Run TFLite Micro inference on an audio buffer
Pattern — collect a fixed-length audio window from an audio source, feed it to a TFLite Micro model via ove_infer, react to the result. Mirrors the example_keyword_live app at smaller scale.
What to enable (in your app.yaml's defconfig: list):
defconfig:
- CONFIG_OVE_CONSOLE=y
- CONFIG_OVE_LOG=y
- CONFIG_OVE_INFER=y
- CONFIG_OVE_AUDIO=y
- CONFIG_OVE_QUEUE=y
- CONFIG_OVE_THREAD=y
You also need a model. The build system can convert a .tflite file into a C array at compile time — drop the file under models/ and add this to your app's app.yaml:
models:
- path: models/your_model.tflite
sym: YOUR_MODEL
The build emits generated/your_model_model_data.h exposing YOUR_MODEL_data[] and YOUR_MODEL_data_len.
Code
#include "ove/ove.h"
#include "ove/log.h"
#include "ove/infer.h"
#include "ove/audio.h"
#include "generated/your_model_model_data.h"
OVE_LOG_MODULE_REGISTER(inf);
#define WINDOW_SAMPLES 16000 /* 1 s @ 16 kHz */
#define TENSOR_ARENA 64 * 1024
static uint8_t tensor_arena[TENSOR_ARENA] __attribute__((aligned(16)));
static ove_infer_t model;
static int16_t window[WINDOW_SAMPLES];
static size_t filled;
/* Pull a window's worth of audio off the queue, then run inference. */
static void inference_thread(void *arg)
{
(void)arg;
while (1) {
int16_t batch[256];
size_t n = audio_source_pull(batch, sizeof(batch) / sizeof(batch[0]));
size_t to_copy = n < (WINDOW_SAMPLES - filled)
? n : (WINDOW_SAMPLES - filled);
memcpy(&window[filled], batch, to_copy * sizeof(int16_t));
filled += to_copy;
if (filled < WINDOW_SAMPLES) continue;
/* Run model.

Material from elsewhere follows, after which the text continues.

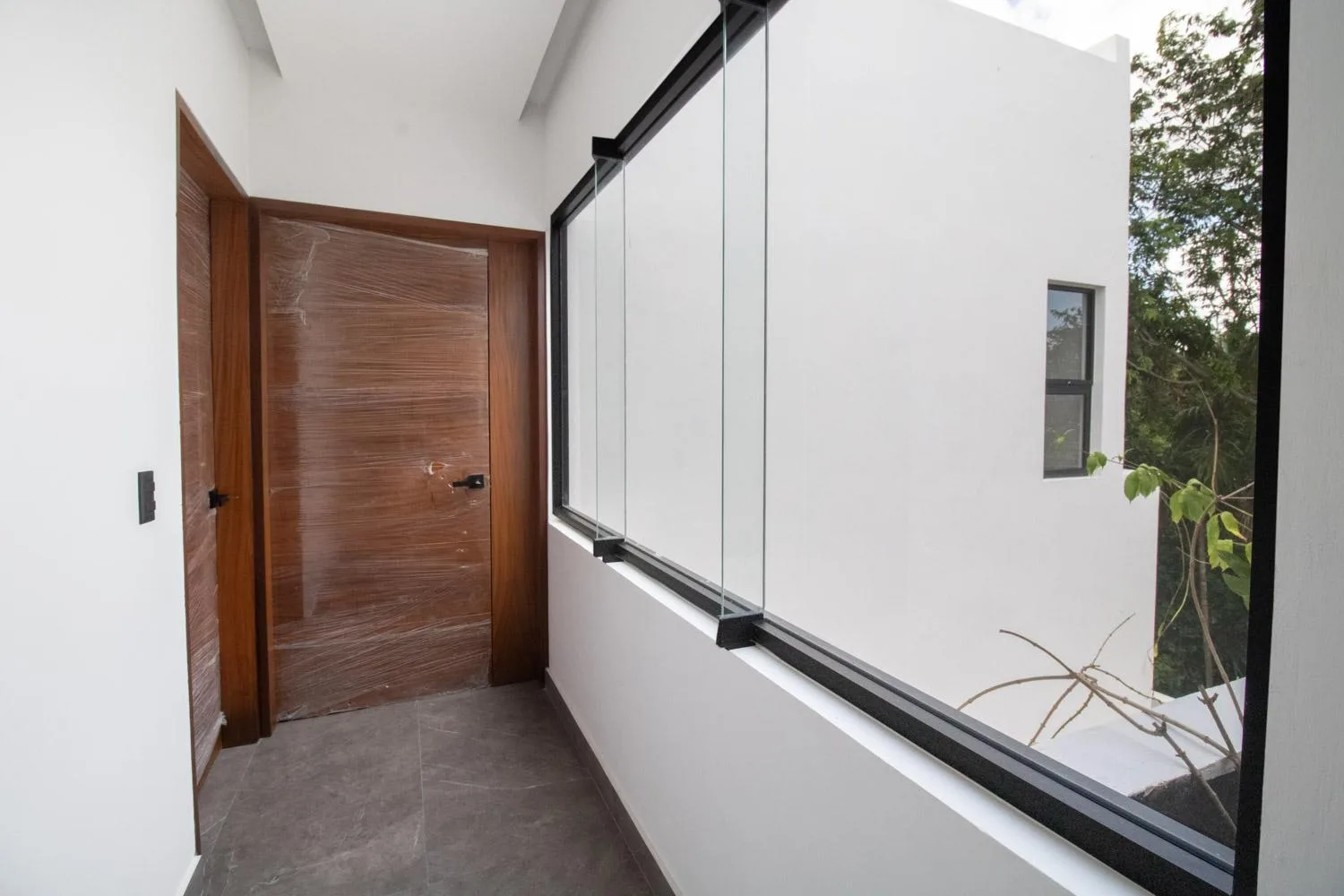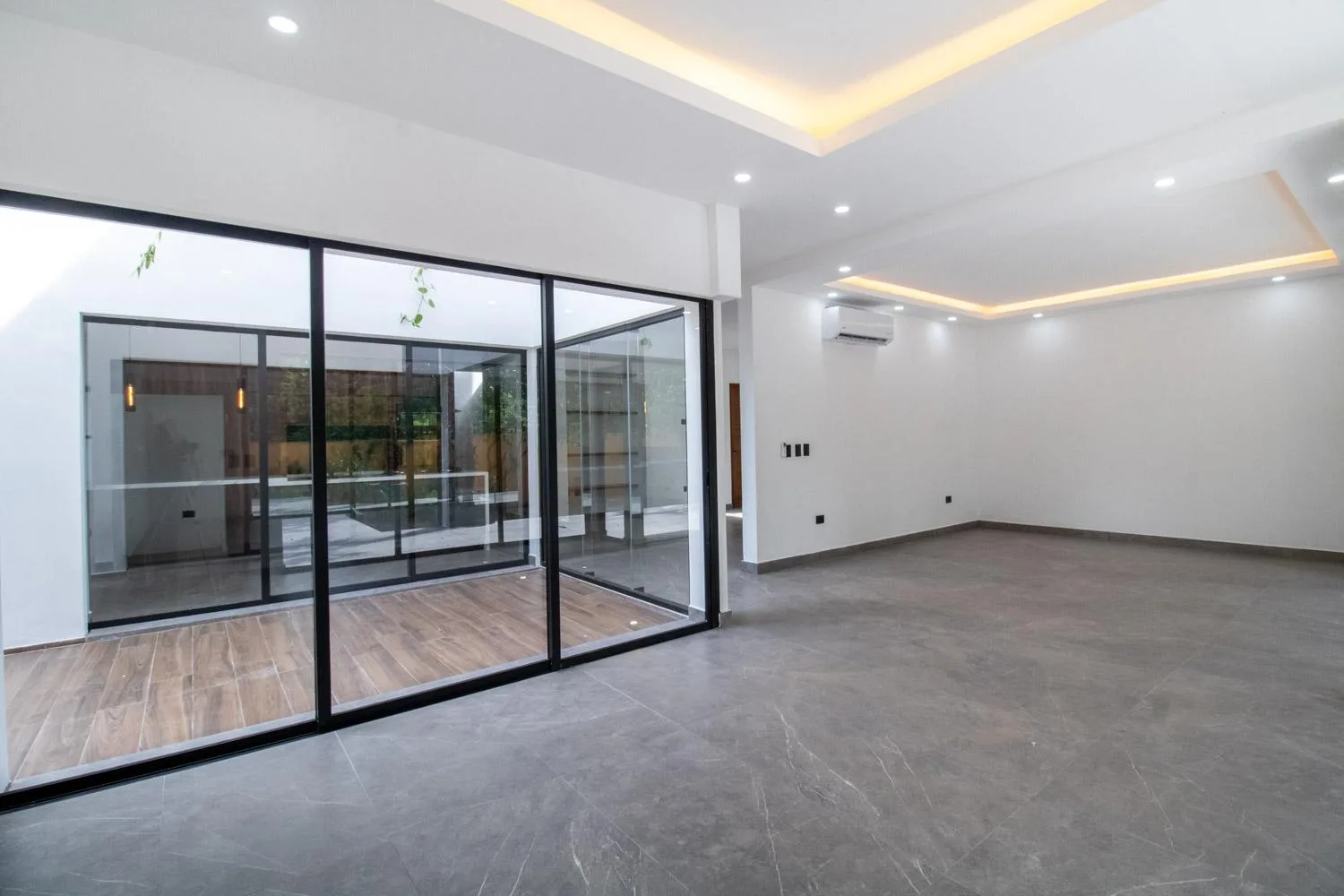 The first level of the residence comprises a living and dining room, an interior garden with glass and natural light, a fully equipped kitchen, and a pantry with ample cooking space. There is a family room with a full bathroom that can be used as a fourth bedroom, a half bathroom for guests, a pool with a social terrace and an exterior half bathroom, a basement suitable for storage or a game area, a laundry room, a service room with independent access, and covered parking for two vehicles.

Input tensor is int16 PCM. */
int16_t *in = ove_infer_input_data(model, 0);
memcpy(in, window, sizeof(window));
if (ove_infer_invoke(model) != OVE_OK) {
OVE_LOG_ERR("invoke failed");
filled = 0;
continue;
}
const float *out = ove_infer_output_data(model, 0);
size_t classes = ove_infer_output_count(model, 0);
int best = 0;
float best_p = out[0];
for (size_t i = 1; i < classes; i++) {
if (out[i] > best_p) { best_p = out[i]; best = (int)i; }
}
OVE_LOG_INF("class=%d p=%.2f", best, (double)best_p);
filled = 0; /* next window */
}
}
void ove_main(void)
{
if (ove_infer_create(&model, YOUR_MODEL_data, YOUR_MODEL_data_len,
tensor_arena, sizeof(tensor_arena)) != OVE_OK) {
OVE_LOG_ERR("model load failed");
return;
}
/* Open an audio source (e.g., DMIC) — see ove_audio_device docs. */
audio_source_open(16000 /* Hz */, 1 /* mono */);
static ove_thread_t inf_thread;
ove_thread_create(&inf_thread, "infer", inference_thread, NULL,
OVE_PRIO_NORMAL, 8192);
ove_run();
}
Tensor arena sizing
Too small and ove_infer_invoke fails. Too large and you waste SRAM. The conventional approach:
- Start with
64 * 1024(64 KB). - After
ove_infer_createsucceeds, callove_infer_arena_used(model)to read the peak used bytes. - Tighten the arena to peak + 10 %.
The keyword-live model fits in 16 KB; image classification models often need 256 KB+.
Quantized vs float
ove_infer_input_dtype(model, 0) tells you what to write. Int8/int16 quantized models save flash and run faster on Cortex-M with CMSIS-NN; float32 is easier to author but bigger and slower.
For int8 inputs:
int8_t *in = ove_infer_input_data(model, 0);
float scale; int32_t zero_point;
ove_infer_input_quant_params(model, 0, &scale, &zero_point);
for (size_t i = 0; i < WINDOW_SAMPLES; i++) {
in[i] = (int8_t)(window[i] / 256 + zero_point); /* approximate */
}
The exact quantization params come from your trained model.
Where else in the tree
- API: ML Inference — full surface, lifecycle, quantization handling.
apps/c/heap/example_keyword_live/— the canonical "yes" / "no" classifier with DMIC capture and LVGL visualisation.models/— bundled models you can target without retraining.